_WORK INSTRUCTION_
In the data below, find the line containing "low rise black bootcut denim", then set down that line and every later line up to and including the line containing "məqalə dərc olunub.", exactly.

_AVAILABLE DATA_
↓↓↓
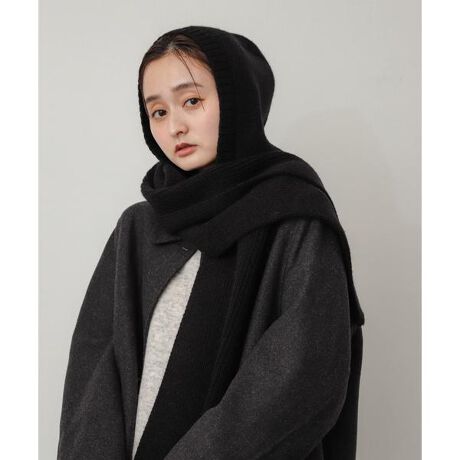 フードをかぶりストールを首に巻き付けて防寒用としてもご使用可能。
↑↑↑
↓↓↓
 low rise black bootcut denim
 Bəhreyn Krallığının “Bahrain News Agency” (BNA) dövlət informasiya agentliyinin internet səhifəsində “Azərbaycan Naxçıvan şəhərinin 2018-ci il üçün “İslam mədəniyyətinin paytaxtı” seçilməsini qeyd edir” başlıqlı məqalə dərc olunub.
↑↑↑
_SOLUTION TO THE EXERCISE_
 low rise black bootcut denim
 Bəhreyn Krallığının “Bahrain News Agency” (BNA) dövlət informasiya agentliyinin internet səhifəsində “Azərbaycan Naxçıvan şəhərinin 2018-ci il üçün “İslam mədəniyyətinin paytaxtı” seçilməsini qeyd edir” başlıqlı məqalə dərc olunub.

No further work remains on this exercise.